_Dataset items_:
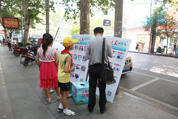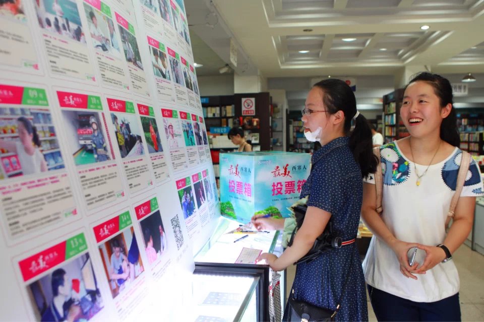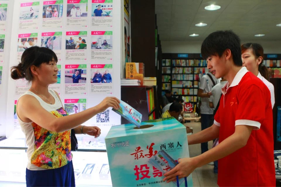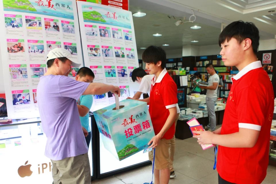 他们走上街头、走进书店,当起了“最美西塞人”评选活动的义务宣传员,向过往的市民介绍“最美西塞人”评选活动,激发了广大市民积极参与“最美西塞人”评选活动的热情,许多市民驻足观看30名候选人的典型事迹,并踊跃参与投票,为自己心目中的“最美西塞人”投上了宝贵的一票。 (文 刘庆元 /图 黄成 刘庆元 摄)
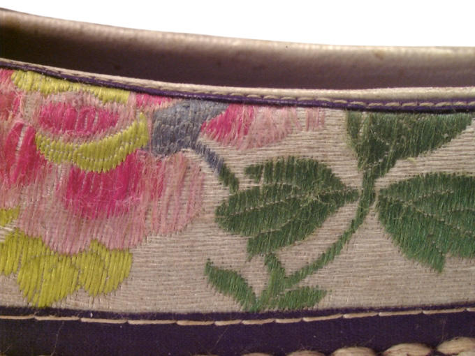 Ballerines en satin blanc décoré de fleurs. Bout relevé en satin violet. Semelle en cuir de buffle
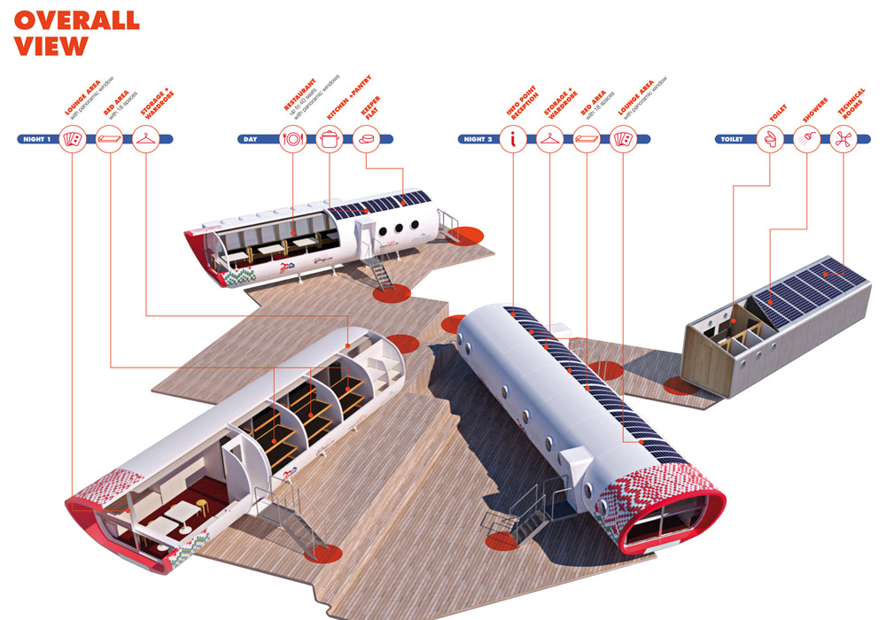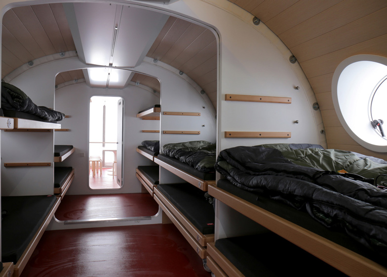 LEAPrus 3912 是由四個管狀空間組成,其中兩個館是睡覺的房間以及簡單的交誼空間,讓房客們可以彼此交換人生歷險的心得,第三個館是餐廳、第四個比較小的館則是洗澡和廁所的地方。
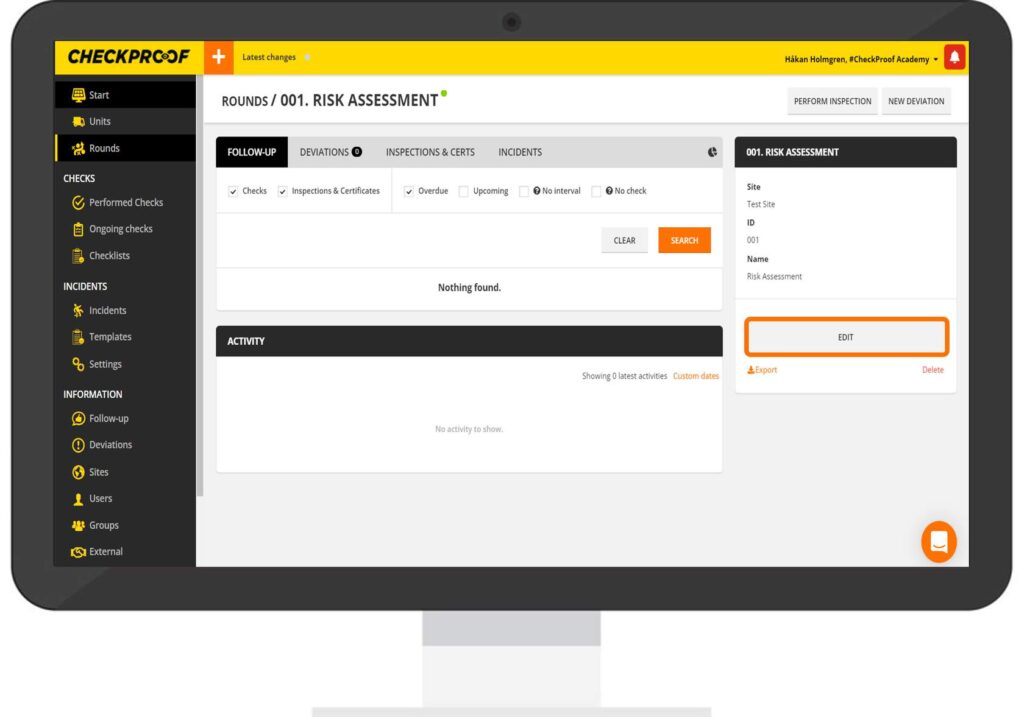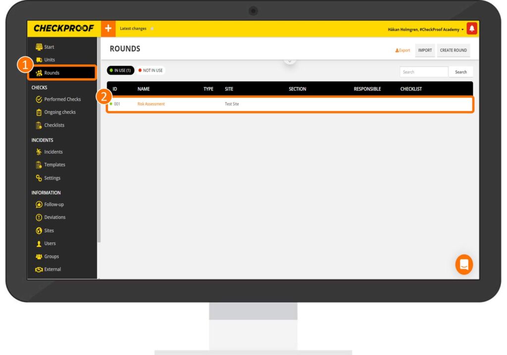 From the CheckProof homepage, click on “Rounds” in the side panel menu to view a list of rounds. Now, choose the round that you want to connect a checklist to.
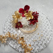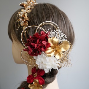 A113 カチューシャ ゴールド×赤 髪飾り 成人式 卒業式 袴 振袖 結婚式 水引 ドライフラワー
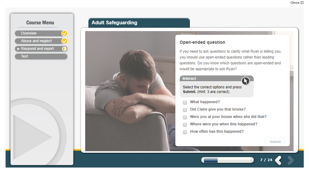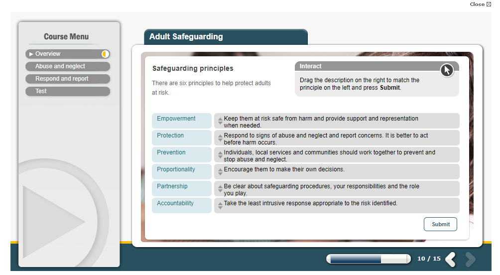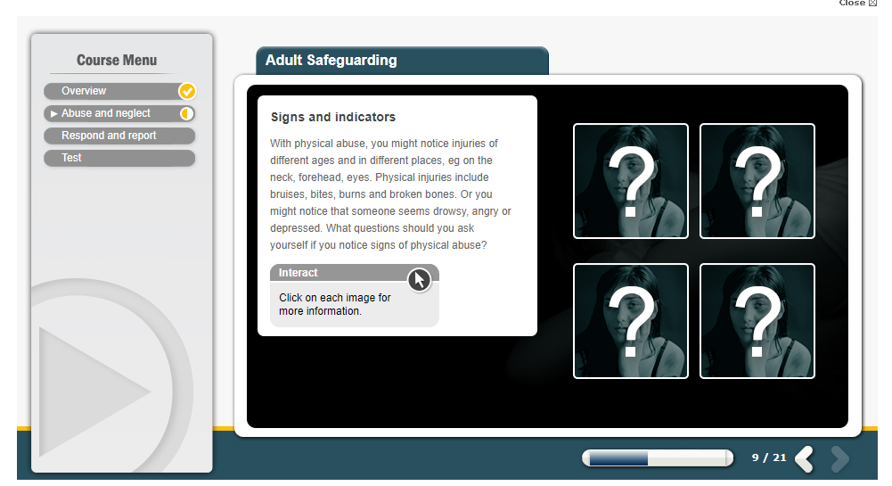 The online Adult Safeguarding course will explain what safeguarding is and your role in this process. Through the course you will learn how to recognise signs of abuse and neglect in vulnerable adults and how to respond and report safeguarding concerns.
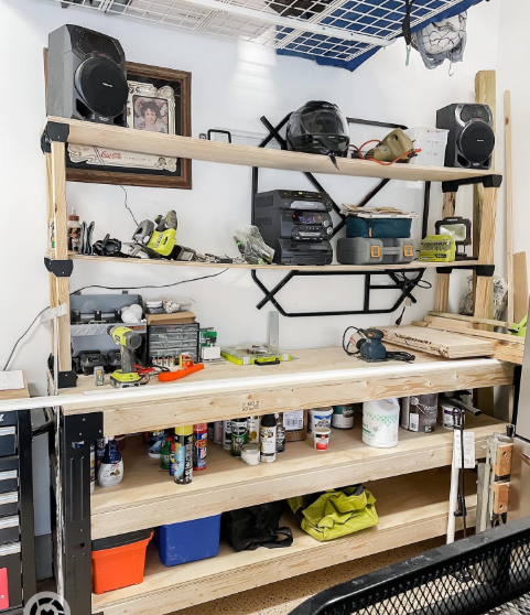 A custom-built wooden workbench with open shelving provides the perfect setup for tools and equipment. Power tools, storage containers, and supplies are neatly arranged on natural wood shelves, while the lower shelf houses paint cans and larger items within easy reach.
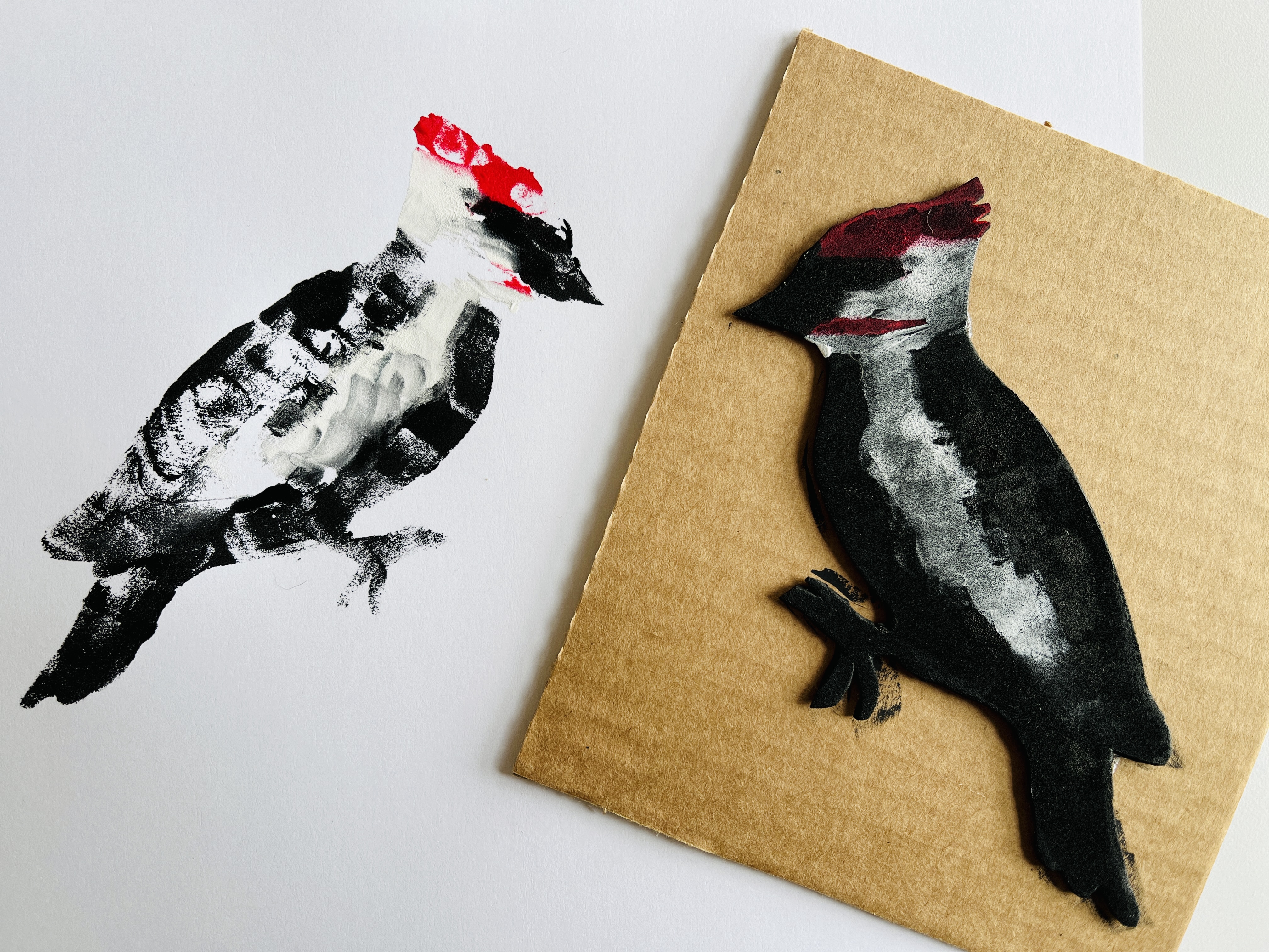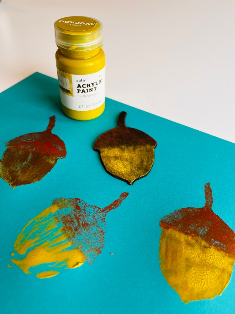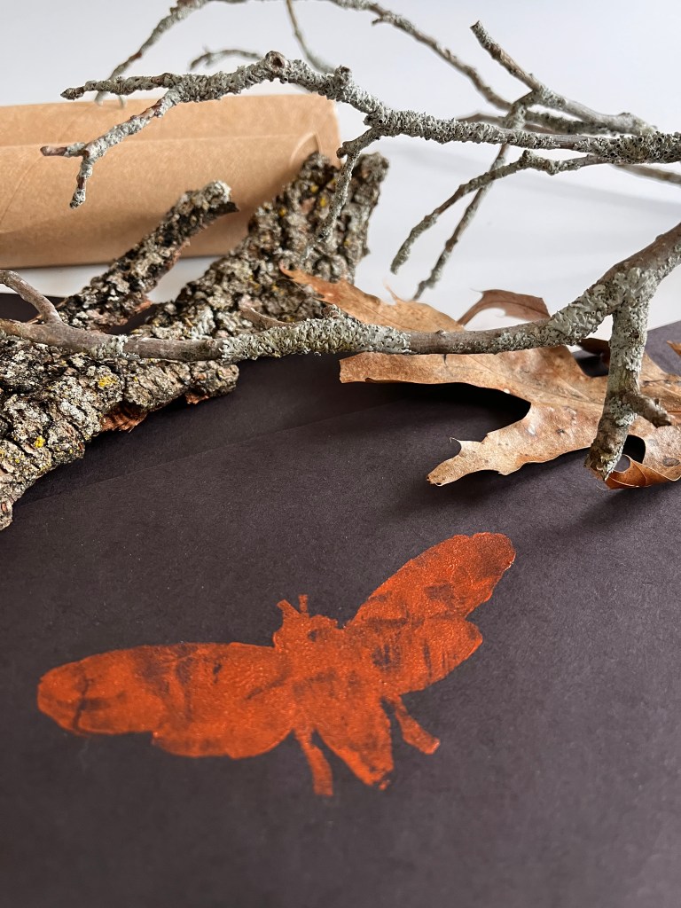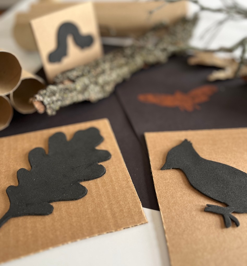 To begin, I looked online for some outlines of creatures that I like. I chose an oak leaf, acorn, inch worm, cicada, woodpecker, and a chickadee. I printed out the images and used a glue stick to adhere them to a piece of craft foam. The glue stick does a good job of keeping the paper in place while you cut along the outline and through the foam. Yet, it didn’t stick so well that I couldn’t easily peel off the paper, leaving the foam shape intact.

_Instructions for the task_: Omit the pictures. Transcribe every record exactly.

_Solution for this task_:
 他们走上街头、走进书店,当起了“最美西塞人”评选活动的义务宣传员,向过往的市民介绍“最美西塞人”评选活动,激发了广大市民积极参与“最美西塞人”评选活动的热情,许多市民驻足观看30名候选人的典型事迹,并踊跃参与投票,为自己心目中的“最美西塞人”投上了宝贵的一票。 (文 刘庆元 /图 黄成 刘庆元 摄)
 Ballerines en satin blanc décoré de fleurs. Bout relevé en satin violet. Semelle en cuir de buffle
 LEAPrus 3912 是由四個管狀空間組成,其中兩個館是睡覺的房間以及簡單的交誼空間,讓房客們可以彼此交換人生歷險的心得,第三個館是餐廳、第四個比較小的館則是洗澡和廁所的地方。
 From the CheckProof homepage, click on “Rounds” in the side panel menu to view a list of rounds. Now, choose the round that you want to connect a checklist to.
 A113 カチューシャ ゴールド×赤 髪飾り 成人式 卒業式 袴 振袖 結婚式 水引 ドライフラワー
 The online Adult Safeguarding course will explain what safeguarding is and your role in this process. Through the course you will learn how to recognise signs of abuse and neglect in vulnerable adults and how to respond and report safeguarding concerns.
 A custom-built wooden workbench with open shelving provides the perfect setup for tools and equipment. Power tools, storage containers, and supplies are neatly arranged on natural wood shelves, while the lower shelf houses paint cans and larger items within easy reach.
 To begin, I looked online for some outlines of creatures that I like. I chose an oak leaf, acorn, inch worm, cicada, woodpecker, and a chickadee. I printed out the images and used a glue stick to adhere them to a piece of craft foam. The glue stick does a good job of keeping the paper in place while you cut along the outline and through the foam. Yet, it didn’t stick so well that I couldn’t easily peel off the paper, leaving the foam shape intact.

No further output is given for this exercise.